**Work instructions:**
Whatever precedes the line containing "New Sterling Silver" is not copied; that line and every line after it through the final one below are copied exactly, except pictures.

**Data extract:**
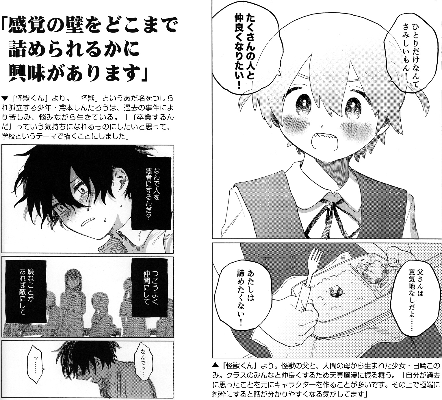 代表作『怪獣くん』は、22年1月に卒業制作として発表したもの。中学校を舞台に、怪獣と人間のハーフの少女・このみと、過去の暴力事件をきっかけにクラスで孤立する少年・しんたろうの交流を描く。「初めて自分自身に向けた作品を作った」と言い、いじめについても考えさせられる意欲作だ。大きな話題を呼んだ同作は、9月には双葉社から商業版が発売された。
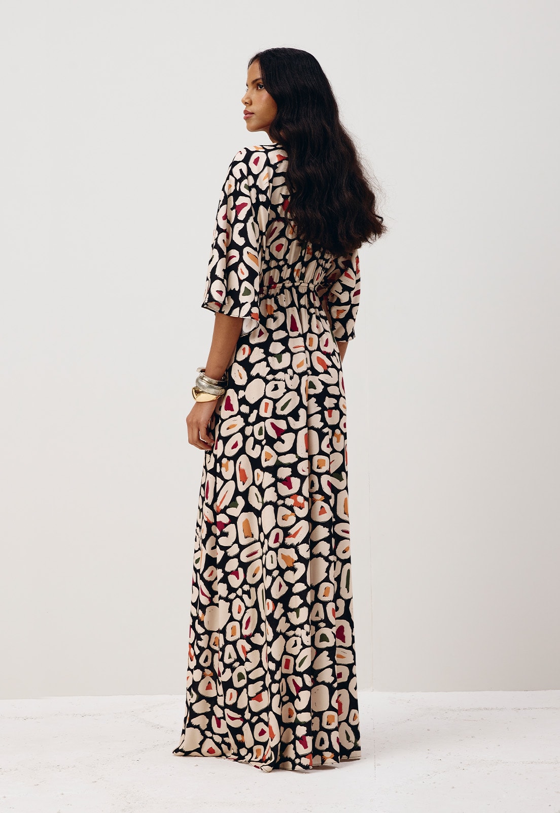 O Vestido Longo Manga Ampla Detalhe Ponteira Onza da CaCay é a expressão do movimento e da sofisticação em uma peça única. Com design fluido e caimento solto que valoriza diferentes silhuetas, seu decote V profundo adiciona elegância atemporal, enquanto as mangas amplas com abertura sutil garantem leveza e conforto ao vestir. Confeccionado em 100% viscose, o tecido oferece toque suave e respirabilidade, ideal para quem busca estilo sem abrir mão do bem-estar. A estampa de formas orgânicas distribui-se harmoniosamente, criando um visual moderno e versátil.
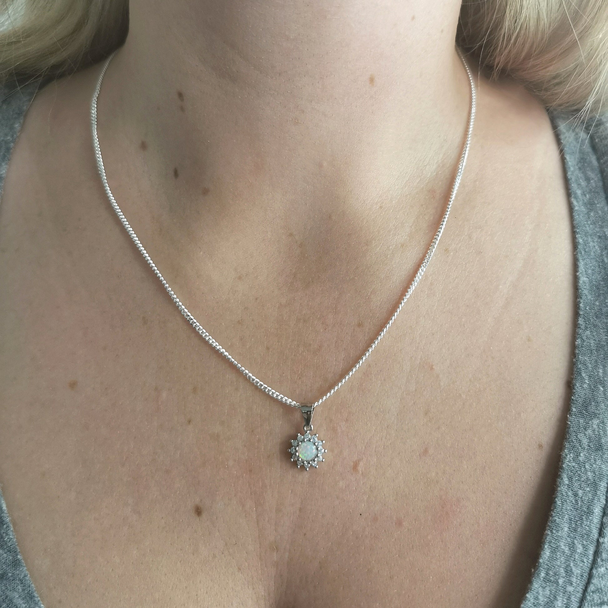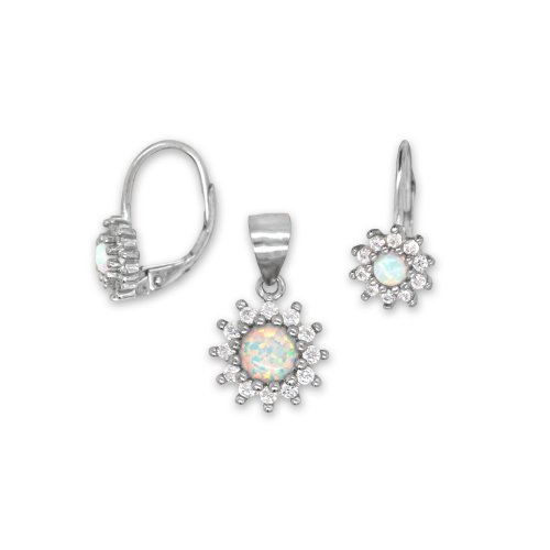 New Sterling Silver Created Opal and CZ Set - Lever Back Earrings and Pendant Necklace
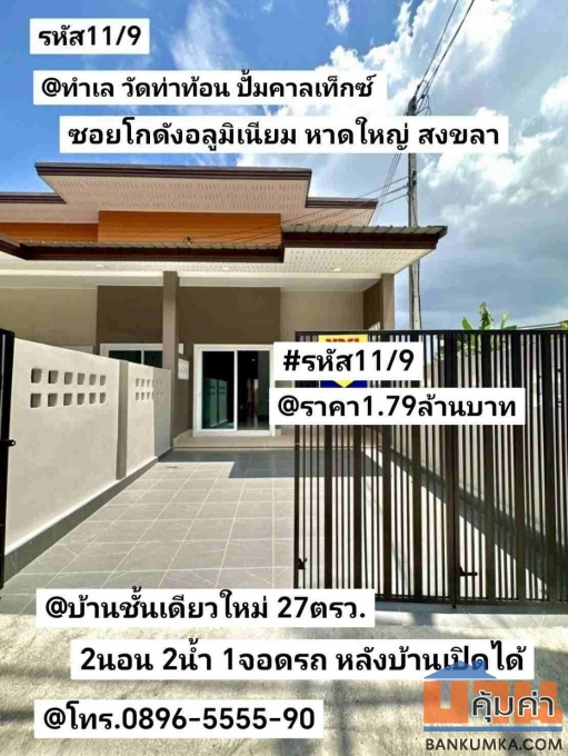 บ้านชั้นเดียวใหม่ วัดท่าท้อน ปั้มคาลเท็กซ์ ซอยโกดังอลูมิเนียม หาดใหญ่ สงขลา

**Answer space:**
 New Sterling Silver Created Opal and CZ Set - Lever Back Earrings and Pendant Necklace
 บ้านชั้นเดียวใหม่ วัดท่าท้อน ปั้มคาลเท็กซ์ ซอยโกดังอลูมิเนียม หาดใหญ่ สงขลา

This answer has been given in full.